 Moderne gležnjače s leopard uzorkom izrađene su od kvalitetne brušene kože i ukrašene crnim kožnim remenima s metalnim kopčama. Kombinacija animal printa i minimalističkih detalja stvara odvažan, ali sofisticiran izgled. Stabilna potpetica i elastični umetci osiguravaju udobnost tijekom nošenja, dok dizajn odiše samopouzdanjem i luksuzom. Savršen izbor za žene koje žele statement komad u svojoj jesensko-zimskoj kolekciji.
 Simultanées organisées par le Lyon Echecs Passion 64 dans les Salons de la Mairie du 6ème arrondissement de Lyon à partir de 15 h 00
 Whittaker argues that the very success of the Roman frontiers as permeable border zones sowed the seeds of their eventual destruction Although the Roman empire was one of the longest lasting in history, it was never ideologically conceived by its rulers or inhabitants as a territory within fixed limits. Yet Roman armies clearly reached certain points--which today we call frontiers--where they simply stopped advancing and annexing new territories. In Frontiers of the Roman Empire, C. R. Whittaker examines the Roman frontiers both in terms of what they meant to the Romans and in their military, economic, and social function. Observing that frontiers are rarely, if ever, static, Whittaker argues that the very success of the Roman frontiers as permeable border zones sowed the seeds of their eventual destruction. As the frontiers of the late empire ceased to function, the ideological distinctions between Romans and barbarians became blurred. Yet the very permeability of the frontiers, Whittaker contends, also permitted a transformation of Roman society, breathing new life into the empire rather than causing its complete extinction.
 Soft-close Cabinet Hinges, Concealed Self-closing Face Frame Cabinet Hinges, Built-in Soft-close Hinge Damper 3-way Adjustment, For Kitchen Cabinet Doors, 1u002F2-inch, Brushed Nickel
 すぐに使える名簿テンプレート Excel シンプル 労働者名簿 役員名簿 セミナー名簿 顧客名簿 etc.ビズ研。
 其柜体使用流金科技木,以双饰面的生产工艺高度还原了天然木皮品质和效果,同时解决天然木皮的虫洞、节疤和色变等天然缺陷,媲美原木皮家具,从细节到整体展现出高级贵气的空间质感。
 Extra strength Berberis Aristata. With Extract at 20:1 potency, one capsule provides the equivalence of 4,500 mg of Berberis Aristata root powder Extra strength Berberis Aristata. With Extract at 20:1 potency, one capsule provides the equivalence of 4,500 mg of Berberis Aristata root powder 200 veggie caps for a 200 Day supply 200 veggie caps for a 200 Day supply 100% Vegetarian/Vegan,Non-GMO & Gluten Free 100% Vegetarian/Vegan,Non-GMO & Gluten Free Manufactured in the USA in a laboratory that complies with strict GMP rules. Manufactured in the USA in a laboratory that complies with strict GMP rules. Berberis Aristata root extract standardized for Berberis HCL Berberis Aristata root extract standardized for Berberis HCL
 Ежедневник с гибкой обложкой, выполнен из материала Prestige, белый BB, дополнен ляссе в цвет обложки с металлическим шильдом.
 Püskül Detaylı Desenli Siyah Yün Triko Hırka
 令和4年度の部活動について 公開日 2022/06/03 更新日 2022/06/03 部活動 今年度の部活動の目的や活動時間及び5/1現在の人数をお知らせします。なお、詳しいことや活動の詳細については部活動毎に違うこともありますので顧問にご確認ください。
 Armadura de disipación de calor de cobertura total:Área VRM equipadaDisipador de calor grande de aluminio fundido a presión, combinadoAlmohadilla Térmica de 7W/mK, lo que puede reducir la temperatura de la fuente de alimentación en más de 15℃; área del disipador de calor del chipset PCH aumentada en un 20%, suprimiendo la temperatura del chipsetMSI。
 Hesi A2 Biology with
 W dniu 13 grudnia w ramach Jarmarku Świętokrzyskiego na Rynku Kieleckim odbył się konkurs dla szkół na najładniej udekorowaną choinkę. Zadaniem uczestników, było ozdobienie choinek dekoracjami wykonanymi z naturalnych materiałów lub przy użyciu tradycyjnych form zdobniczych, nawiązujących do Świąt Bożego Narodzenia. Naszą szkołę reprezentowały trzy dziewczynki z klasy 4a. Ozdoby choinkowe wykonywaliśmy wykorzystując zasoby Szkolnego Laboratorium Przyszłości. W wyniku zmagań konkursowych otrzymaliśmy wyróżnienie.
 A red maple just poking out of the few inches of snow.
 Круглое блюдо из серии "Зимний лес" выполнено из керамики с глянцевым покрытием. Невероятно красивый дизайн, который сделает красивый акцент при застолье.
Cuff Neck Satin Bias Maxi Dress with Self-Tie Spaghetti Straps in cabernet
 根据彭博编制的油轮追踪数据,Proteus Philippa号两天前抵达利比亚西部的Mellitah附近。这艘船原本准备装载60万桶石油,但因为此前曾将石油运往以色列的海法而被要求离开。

> EXERCISE
Whenever "Self" shows up in a line of the listing, copy that whole line.

> TASK ANSWER
 Soft-close Cabinet Hinges, Concealed Self-closing Face Frame Cabinet Hinges, Built-in Soft-close Hinge Damper 3-way Adjustment, For Kitchen Cabinet Doors, 1u002F2-inch, Brushed Nickel
Cuff Neck Satin Bias Maxi Dress with Self-Tie Spaghetti Straps in cabernet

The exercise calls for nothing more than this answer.